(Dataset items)

+---+

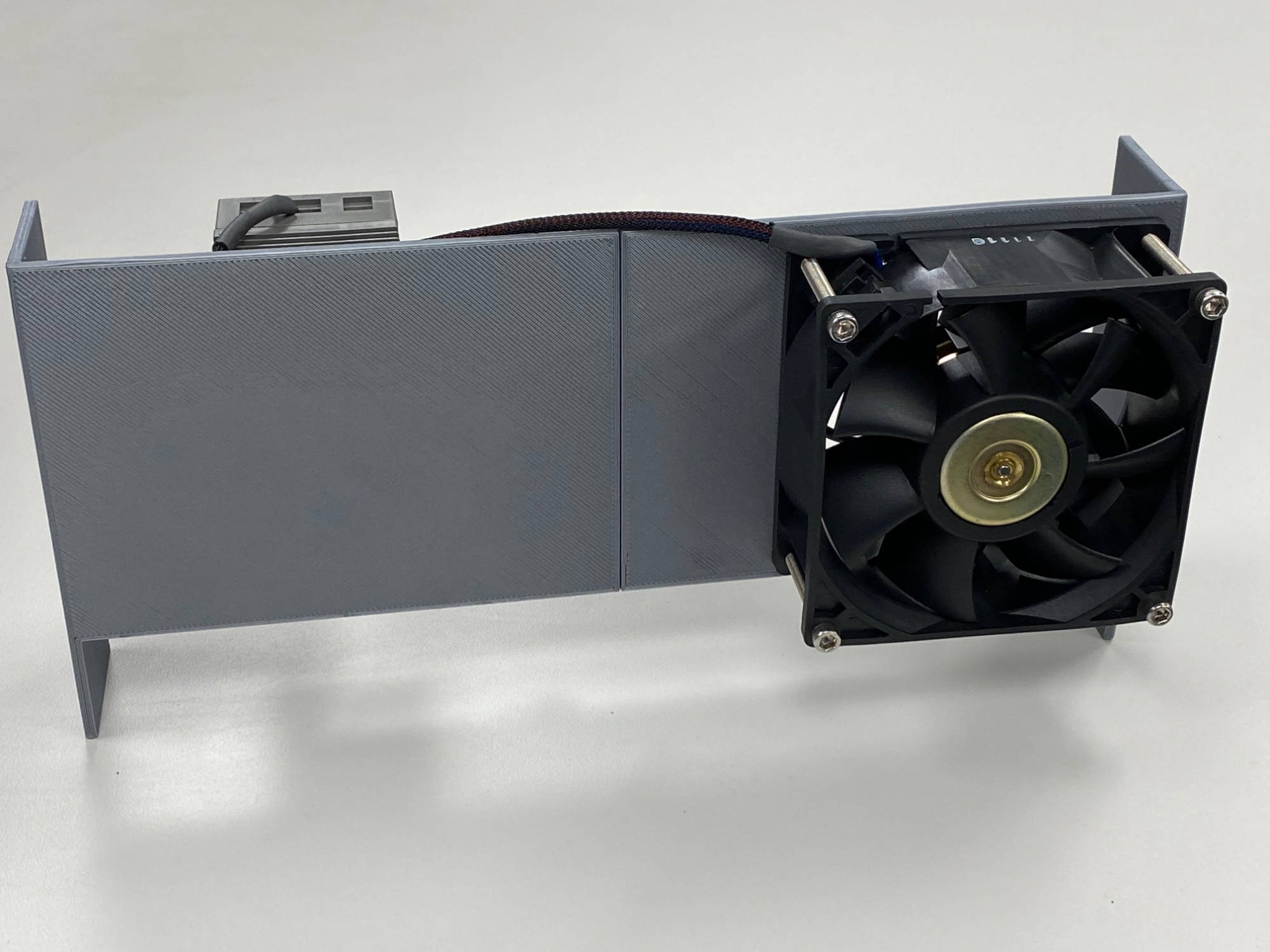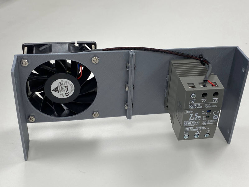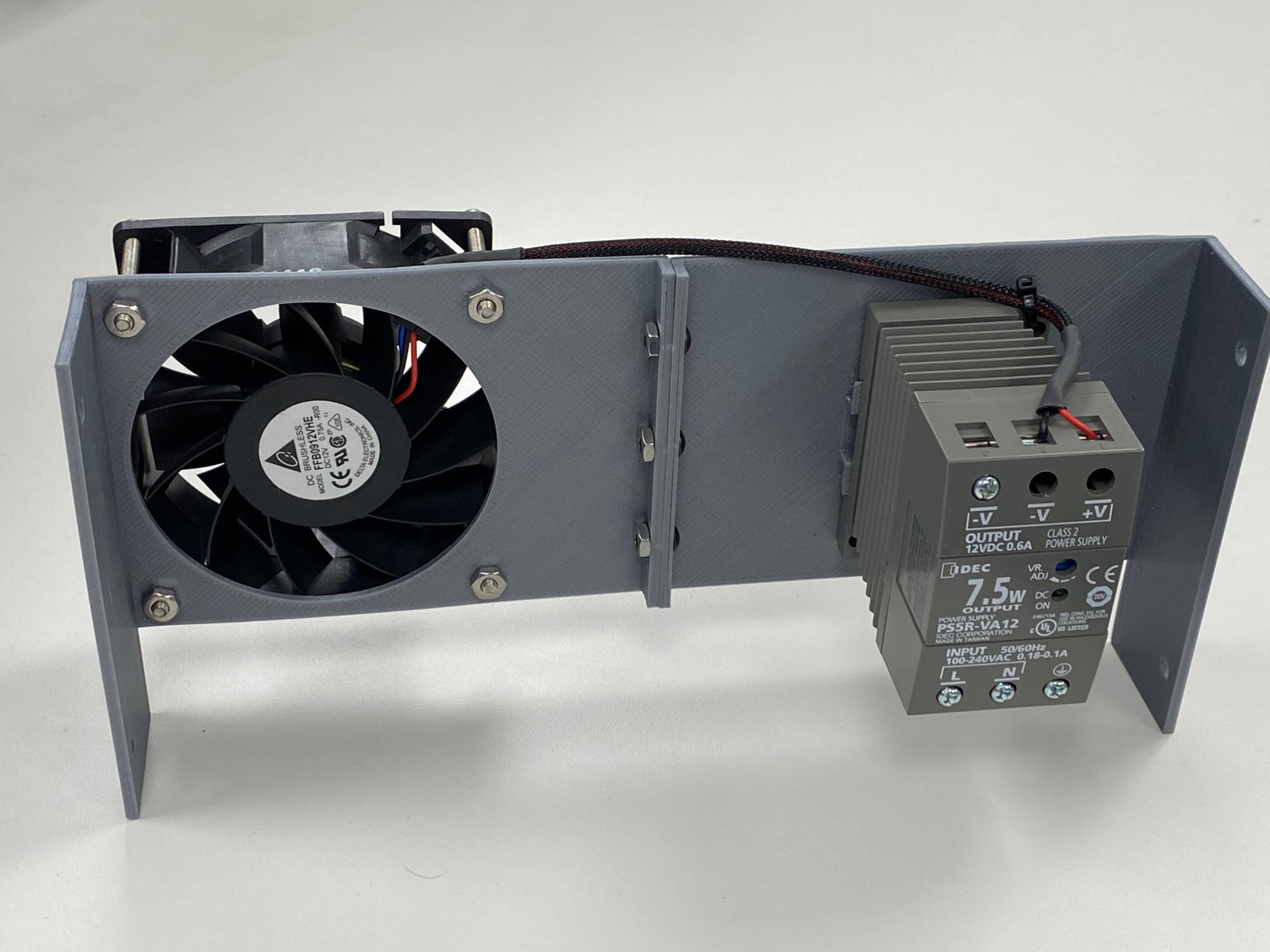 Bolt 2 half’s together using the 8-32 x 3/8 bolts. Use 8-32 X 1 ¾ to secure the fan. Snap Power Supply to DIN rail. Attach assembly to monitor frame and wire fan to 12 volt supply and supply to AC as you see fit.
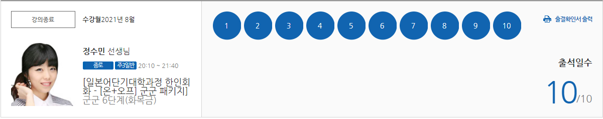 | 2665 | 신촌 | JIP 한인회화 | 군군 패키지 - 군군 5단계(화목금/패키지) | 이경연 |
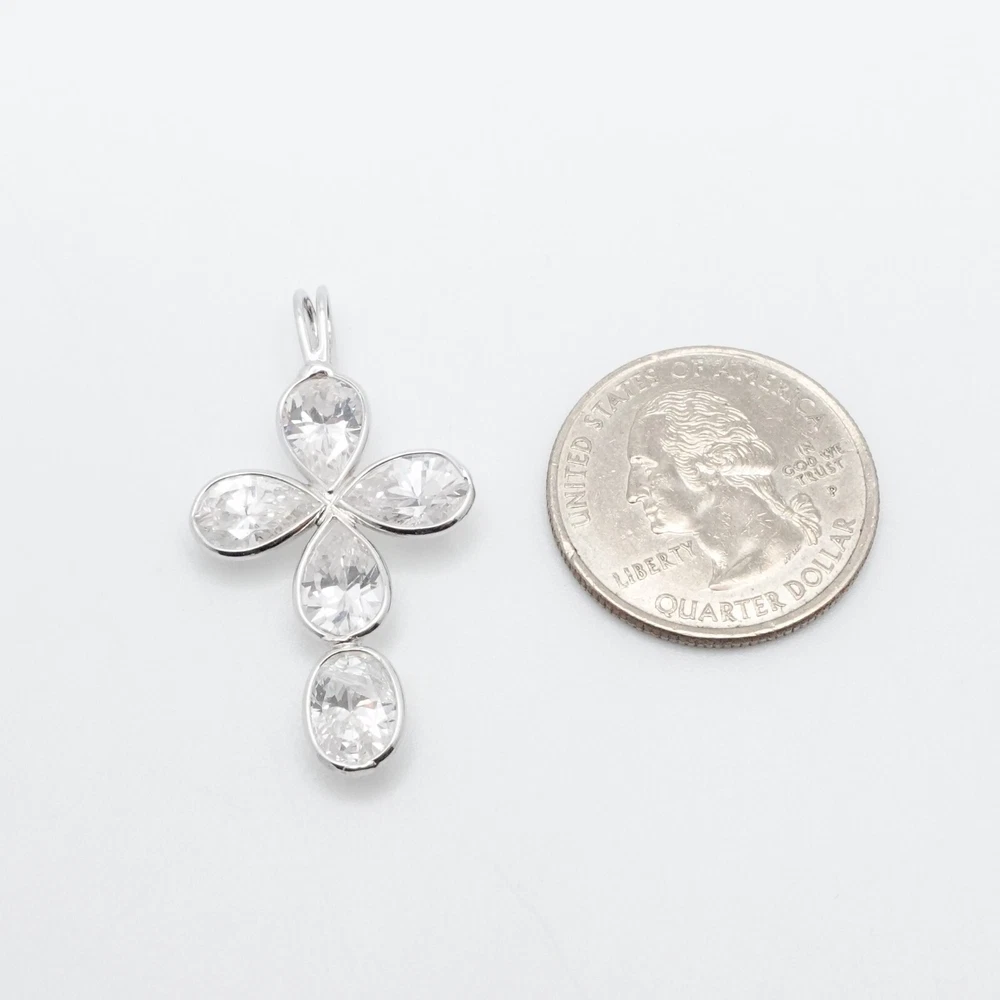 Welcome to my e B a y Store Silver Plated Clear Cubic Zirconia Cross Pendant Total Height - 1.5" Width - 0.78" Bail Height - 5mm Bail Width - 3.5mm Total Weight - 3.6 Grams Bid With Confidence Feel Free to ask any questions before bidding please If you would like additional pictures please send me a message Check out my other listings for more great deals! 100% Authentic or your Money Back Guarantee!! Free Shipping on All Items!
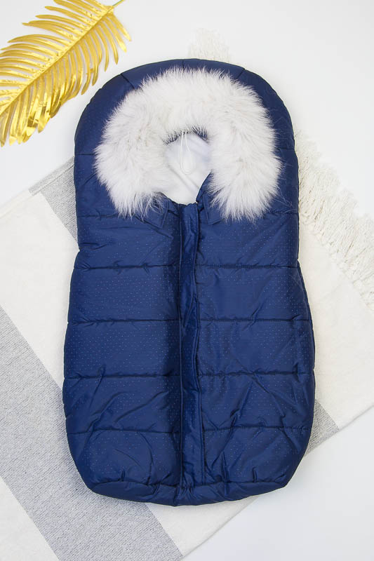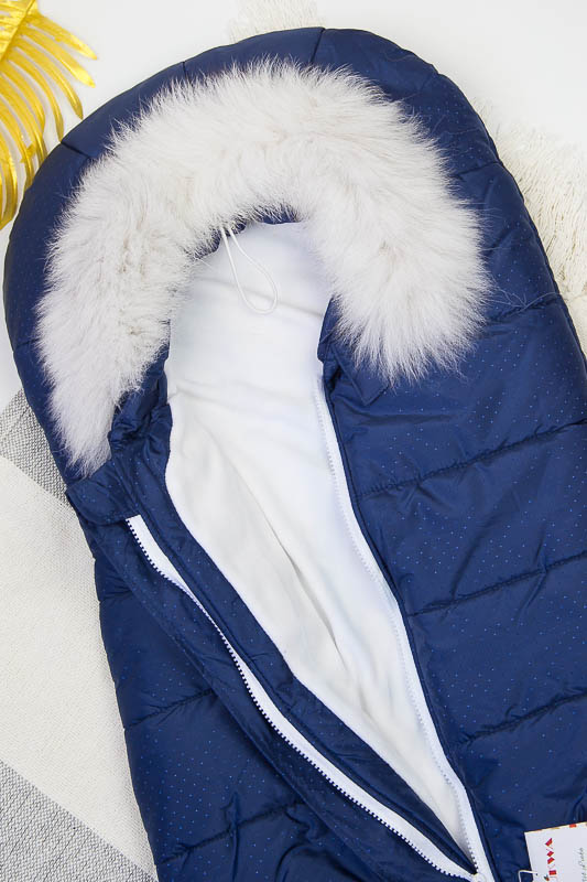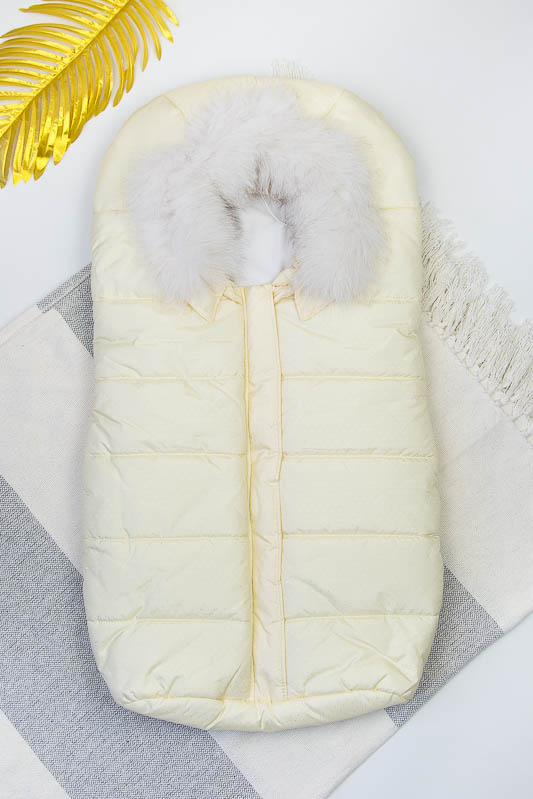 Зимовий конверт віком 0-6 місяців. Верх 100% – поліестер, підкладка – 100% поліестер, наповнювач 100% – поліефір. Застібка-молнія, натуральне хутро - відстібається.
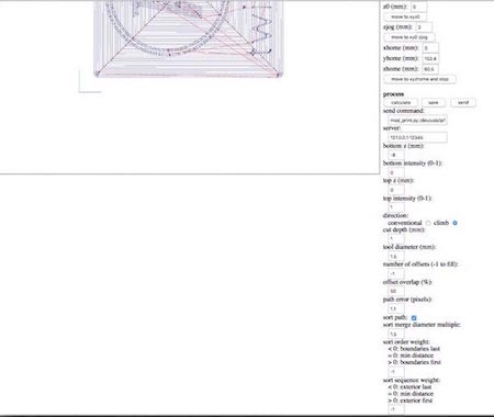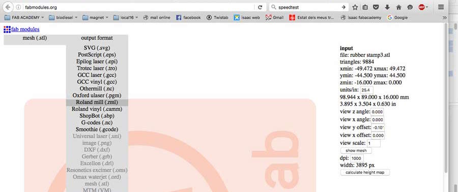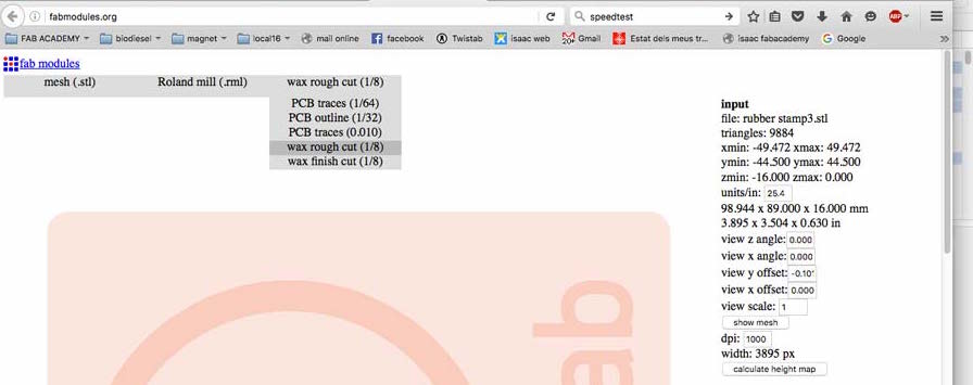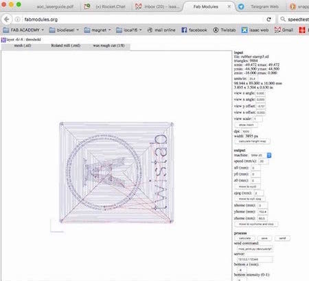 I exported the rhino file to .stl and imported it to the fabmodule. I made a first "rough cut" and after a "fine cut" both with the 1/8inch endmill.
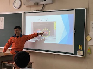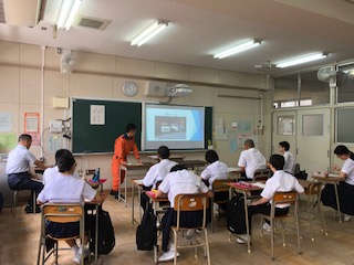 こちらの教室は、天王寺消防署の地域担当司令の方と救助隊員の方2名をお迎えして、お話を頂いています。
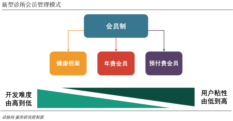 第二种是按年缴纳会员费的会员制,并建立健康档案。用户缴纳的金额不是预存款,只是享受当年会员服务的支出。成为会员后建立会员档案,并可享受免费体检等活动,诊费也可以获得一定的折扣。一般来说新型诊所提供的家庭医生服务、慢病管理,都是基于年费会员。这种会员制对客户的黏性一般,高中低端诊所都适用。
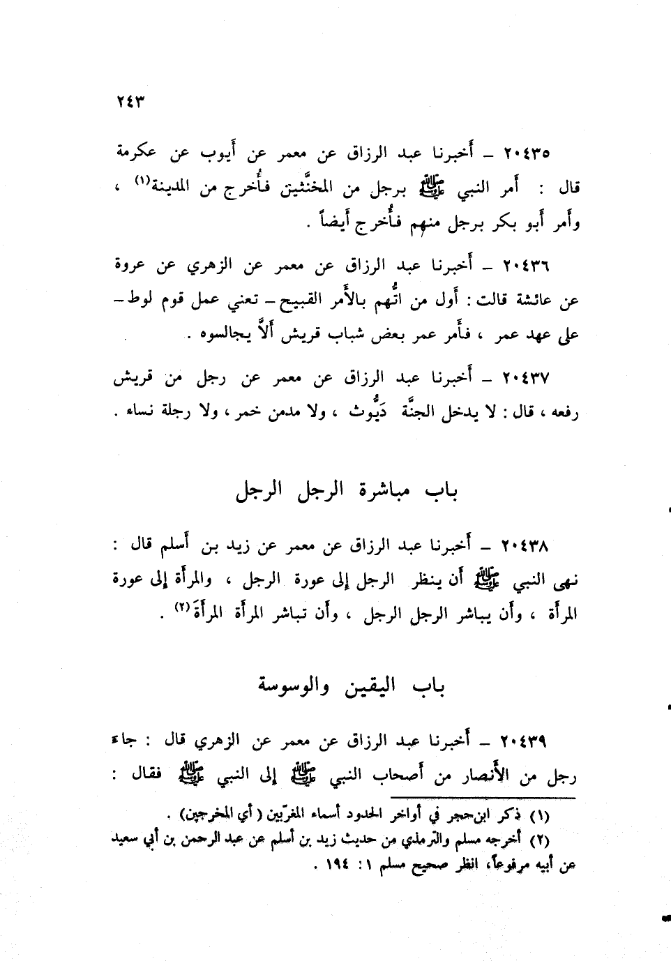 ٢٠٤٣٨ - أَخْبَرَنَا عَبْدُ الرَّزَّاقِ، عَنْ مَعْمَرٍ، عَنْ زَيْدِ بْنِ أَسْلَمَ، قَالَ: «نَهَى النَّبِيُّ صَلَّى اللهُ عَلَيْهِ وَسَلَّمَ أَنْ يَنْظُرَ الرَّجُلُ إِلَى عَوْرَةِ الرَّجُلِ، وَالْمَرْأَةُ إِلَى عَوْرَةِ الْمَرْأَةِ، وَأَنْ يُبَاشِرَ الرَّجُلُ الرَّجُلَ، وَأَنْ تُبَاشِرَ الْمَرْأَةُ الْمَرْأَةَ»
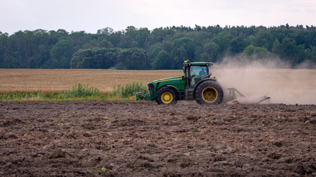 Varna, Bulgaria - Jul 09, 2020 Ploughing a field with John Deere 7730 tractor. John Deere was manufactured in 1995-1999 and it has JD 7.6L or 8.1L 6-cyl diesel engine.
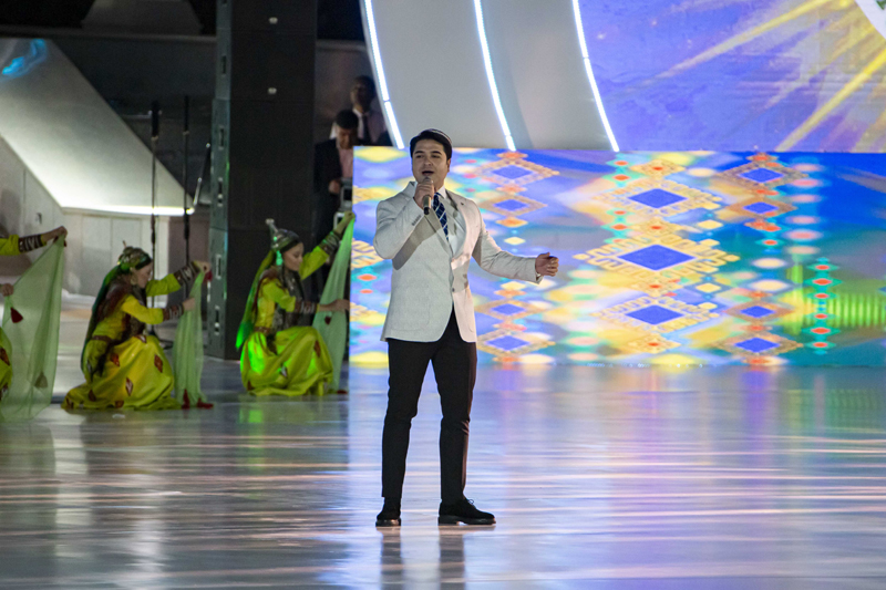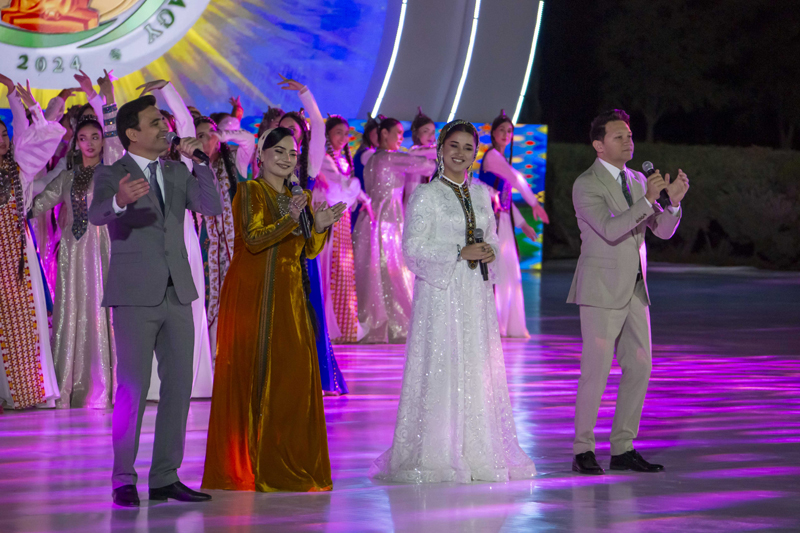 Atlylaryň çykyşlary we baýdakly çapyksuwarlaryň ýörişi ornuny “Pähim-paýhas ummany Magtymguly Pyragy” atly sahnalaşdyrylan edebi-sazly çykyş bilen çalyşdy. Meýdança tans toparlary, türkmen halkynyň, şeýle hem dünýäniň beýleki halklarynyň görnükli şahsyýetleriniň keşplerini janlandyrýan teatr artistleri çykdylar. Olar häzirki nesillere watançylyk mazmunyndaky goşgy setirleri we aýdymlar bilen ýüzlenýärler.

+---+

— Required action —
Pictures aside, print exactly the lines above starting with the one containing "こちらの教室は、天王寺消防署" and going on through the one containing "٢٠٤٣٨ - أَخْبَرَنَا".

— Worked solution —
 こちらの教室は、天王寺消防署の地域担当司令の方と救助隊員の方2名をお迎えして、お話を頂いています。
 第二种是按年缴纳会员费的会员制,并建立健康档案。用户缴纳的金额不是预存款,只是享受当年会员服务的支出。成为会员后建立会员档案,并可享受免费体检等活动,诊费也可以获得一定的折扣。一般来说新型诊所提供的家庭医生服务、慢病管理,都是基于年费会员。这种会员制对客户的黏性一般,高中低端诊所都适用。
 ٢٠٤٣٨ - أَخْبَرَنَا عَبْدُ الرَّزَّاقِ، عَنْ مَعْمَرٍ، عَنْ زَيْدِ بْنِ أَسْلَمَ، قَالَ: «نَهَى النَّبِيُّ صَلَّى اللهُ عَلَيْهِ وَسَلَّمَ أَنْ يَنْظُرَ الرَّجُلُ إِلَى عَوْرَةِ الرَّجُلِ، وَالْمَرْأَةُ إِلَى عَوْرَةِ الْمَرْأَةِ، وَأَنْ يُبَاشِرَ الرَّجُلُ الرَّجُلَ، وَأَنْ تُبَاشِرَ الْمَرْأَةُ الْمَرْأَةَ»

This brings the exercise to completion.